CLI that orchestrates adversarial AI agents to stress-test your design specs before you write code.
Status: Spec complete. Implementation starting.
Single-pass AI designs always have gaps. Every time you manually ask an agent to "go back and double-check," it finds something it missed. You're acting as a quality gate that could be automated.
Design Challenger replaces you in that loop. You set the goal, approve the output. Everything in between is autonomous.

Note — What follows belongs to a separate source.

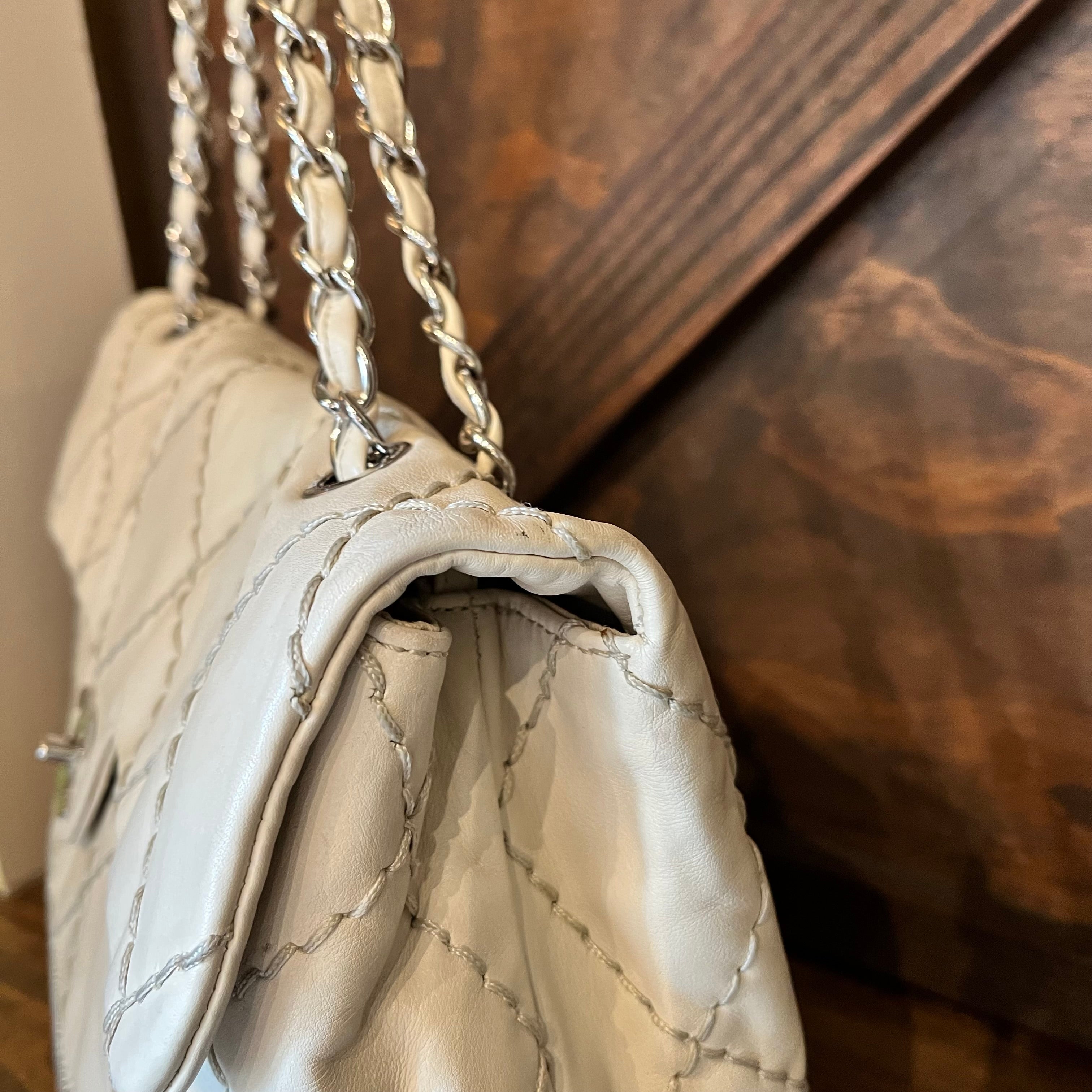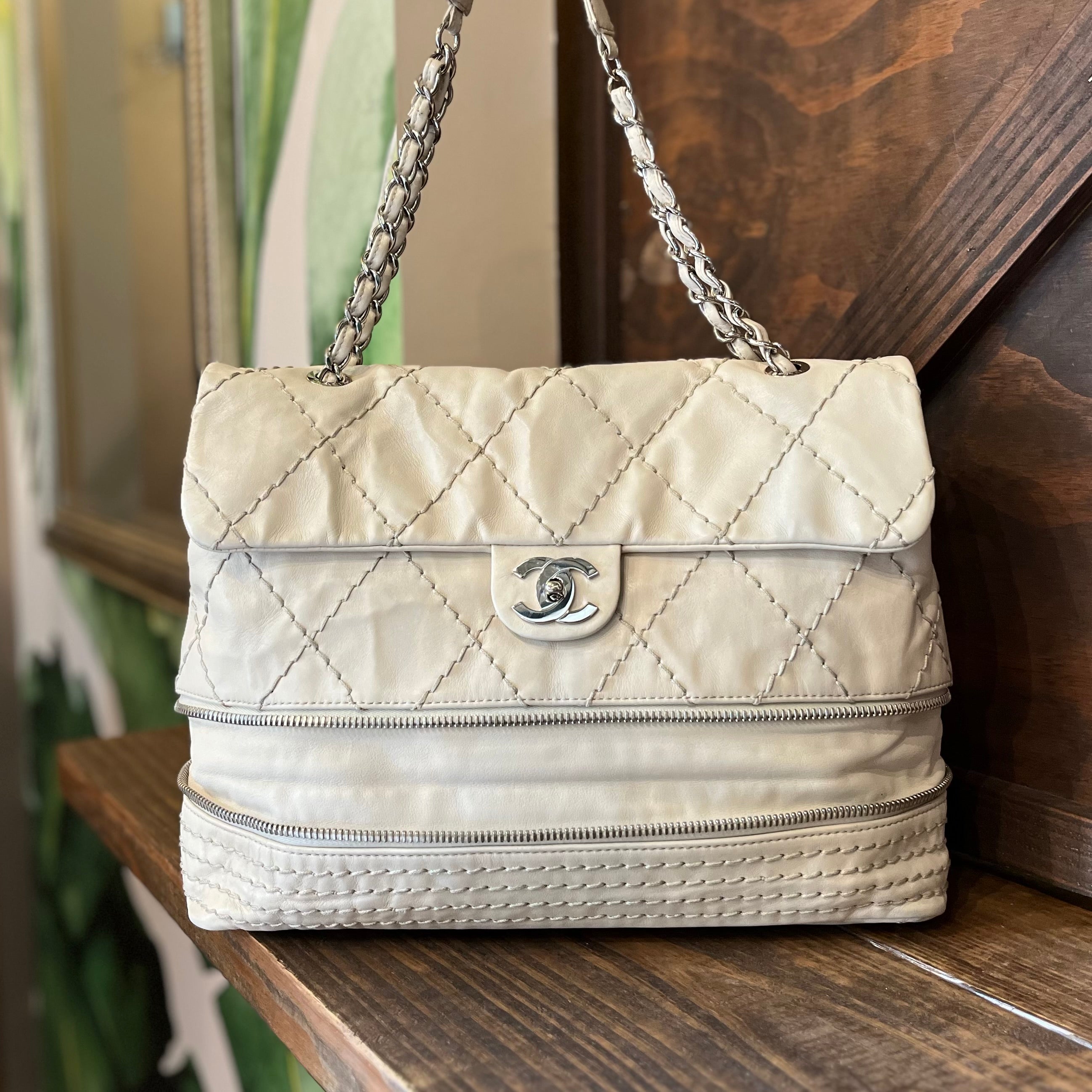 CHANEL Cream Expandable Calfskin Ligne Flap Shoulder Bag ADI11205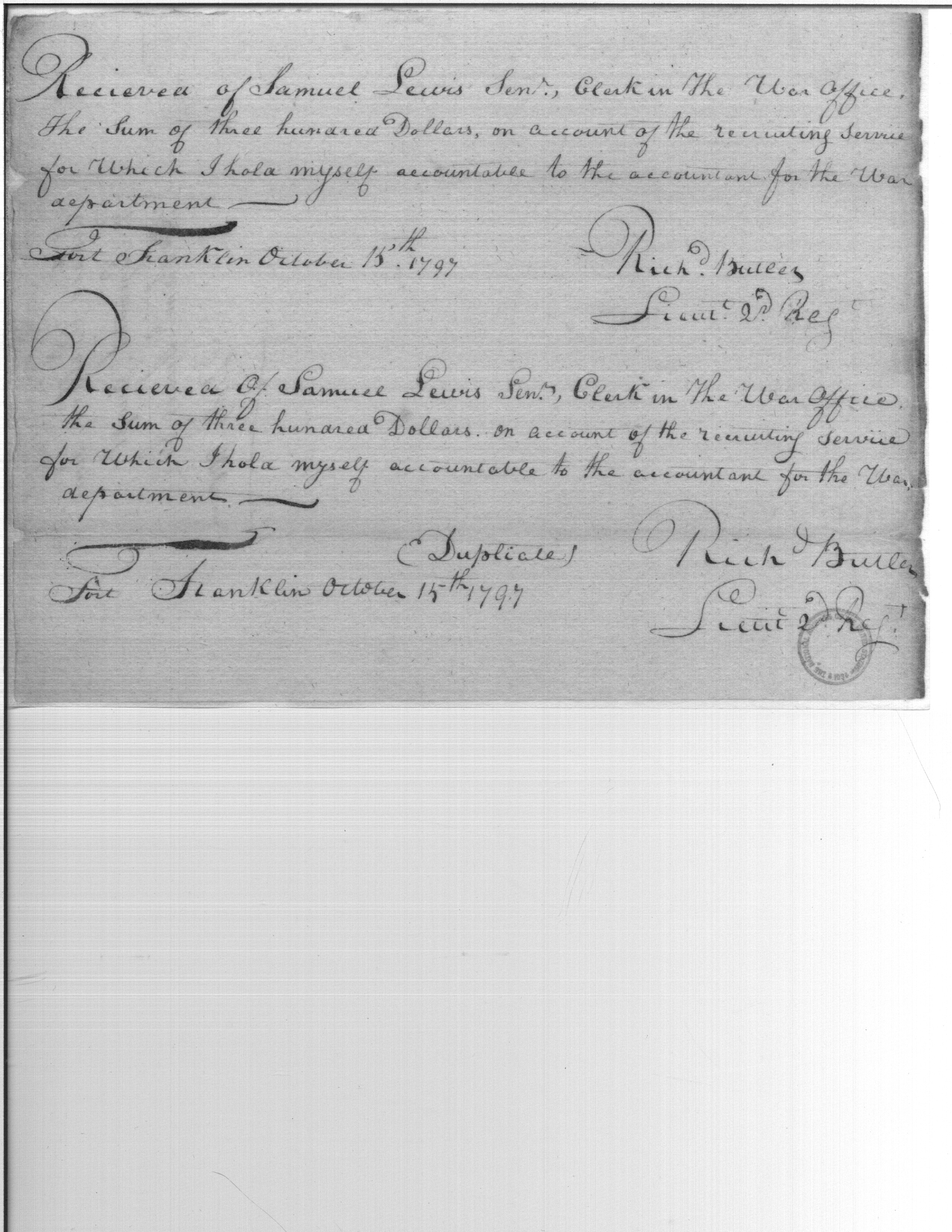 - Document: Receipt of Samuel Lewis to Richard Butler on account of the recruiting service

Three agents with distinct roles debate your design through an escalating review protocol:
You: "add WebSocket support"
|
v
Orchestrator
/ | \
Writer Challenger Judge
| | |
| Explores the |
| codebase, |
| produces a Filters
| counter-design,findings
| then attacks for
| assumptions signal
| with evidence |
| | |
|<------+----------+
|
Fixes gaps, writes final spec
|
v
You approve (or redirect)
- Writer — brainstorms, researches, writes specs and plans
- Challenger — independently explores the codebase, produces an alternative design, then adversarially tests assumptions with cited evidence
- Judge — filters Challenger findings for actionability so the Writer isn't drowning in noise
The Challenger escalates across three cognitive frames per review stage:
- Counter-Design + Hypothesis Testing — sketch what you'd build instead, extract assumptions, falsify against the codebase
- Skeptical Verification — re-read the artifact, verify fixes actually landed, find what was missed
- Pre-mortem — imagine this failed in production 6 months from now, trace the failure through the design
# Review a design for any repo
design-challenger "add user authentication" --repo /path/to/project
# Use different models for perspective diversity
design-challenger "migrate to event sourcing" \
--writer-model claude-sonnet-4-6 \
--challenger-model claude-opus-4-6
# Pick up where you left off
design-challenger --resume <run-id>Every run produces four artifacts:
- Design spec — the architecture document
- Implementation plan — ordered steps with dependencies
- Design Decision Log — why every decision was made, with evidence from the debate
- Run summary — quality metrics, cost, what the Challenger found
- Dialectical inquiry, not just critique — the Challenger proposes an alternative design before attacking. Research shows assigned devil's advocates produce weaker challenges than agents with their own position.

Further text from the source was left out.